April 16, 2026
My SEO Strategy as a Solo Developer
I built API Alerts. It’s a notification routing service for developers. I’ve been working on it for a while now and it’s at the point where the product is solid but nobody really knows about it.
I ran an Ahrefs authority check today. apialerts.com is at 2.9. mononz.com (this site) is at 0. Literally zero. That’s where we’re starting from.
I don’t have a marketing budget. I don’t have a team. I have a blog and some spare time between my day job and playing with my cat. So here’s what I’m actually doing.
The problem
I can build things. I’m pretty good at that. What I’m not good at is getting people to find them. I built API Alerts, I built Hooks (a free webhook tester), I built Hapi (API health checks). They all work. They’re all useful. But if nobody knows they exist, it doesn’t really matter.

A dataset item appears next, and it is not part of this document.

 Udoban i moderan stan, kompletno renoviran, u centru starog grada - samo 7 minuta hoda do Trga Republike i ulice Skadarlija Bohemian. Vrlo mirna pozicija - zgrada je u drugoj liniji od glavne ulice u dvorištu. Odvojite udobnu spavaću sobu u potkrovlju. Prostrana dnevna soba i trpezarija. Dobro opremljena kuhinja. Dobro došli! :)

SEO feels like the only sustainable option for a solo dev. Paid ads cost money I don’t want to spend. Social media is a treadmill. But content that ranks on Google keeps working while I sleep.
What I’m doing
This blog. You’re reading it. I’m writing here on mononz.com about what I’m building, then cross-posting the good stuff to dev.to. The canonical URL points back here so that Google credits mononz.com as the source. dev.to gives me reach and community discovery, mononz.com gets the authority over time. That’s the theory anyway.
Free tools as awareness. Hooks and Hapi aren’t just side projects. If someone searches “free webhook tester” or “api health check tool” and finds one of my tools, they also find API Alerts. They’re top-of-funnel plays that happen to be genuinely useful on their own.

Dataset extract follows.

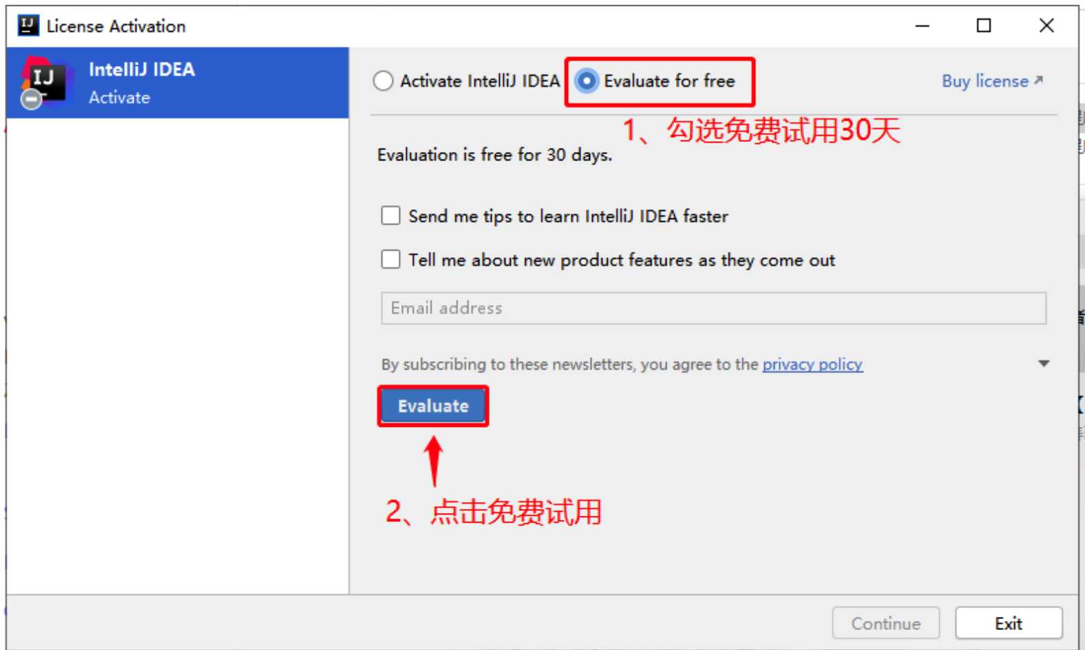 6.等待 IDEA 2021.1 運行, 中間會先彈出一個注冊框,我們勾選 Evaluate for free, 點擊 Evaluate, 先試用30天:

The API Alerts blog. Product-focused content that targets high-intent keywords. Stuff like “how to get CI/CD build notifications” or “monitor GitHub Actions with push alerts.” People searching for those are already looking for a solution. That blog lives at apialerts.com/blog.
dev.to and Indie Hackers. Cross-posting from here when a post fits those audiences. The dev.to community is great for reach and the domain authority doesn’t hurt. I also have an API Alerts dev.to org but I’m honestly not sure how much I’ll use that vs just posting from my personal account.
Twitter/X. I have @api_alerts set up. Haven’t posted anything yet. I need to start.
What I’m not doing
I’m not doing outreach or guest posting. I’m not buying backlinks. I’m not doing keyword research spreadsheets. Maybe I should be, but realistically I know I won’t keep that up. I’d rather spend that time building things and writing about them.
Will it work?
I genuinely don’t know. Domain authority of 0 is humbling. But it was always going to start at 0 and the only way to change that is to start publishing and see what happens.
My friend has a personal blog and one of his posts ranks 3rd on Google for a specific Swift query. He didn’t write it for SEO. He just wrote about something he cared about and it happened to be something people search for. That’s basically my entire strategy. Write about real stuff, publish it consistently, and hope some of it sticks.
Check back in 6 months and I’ll let you know how it went.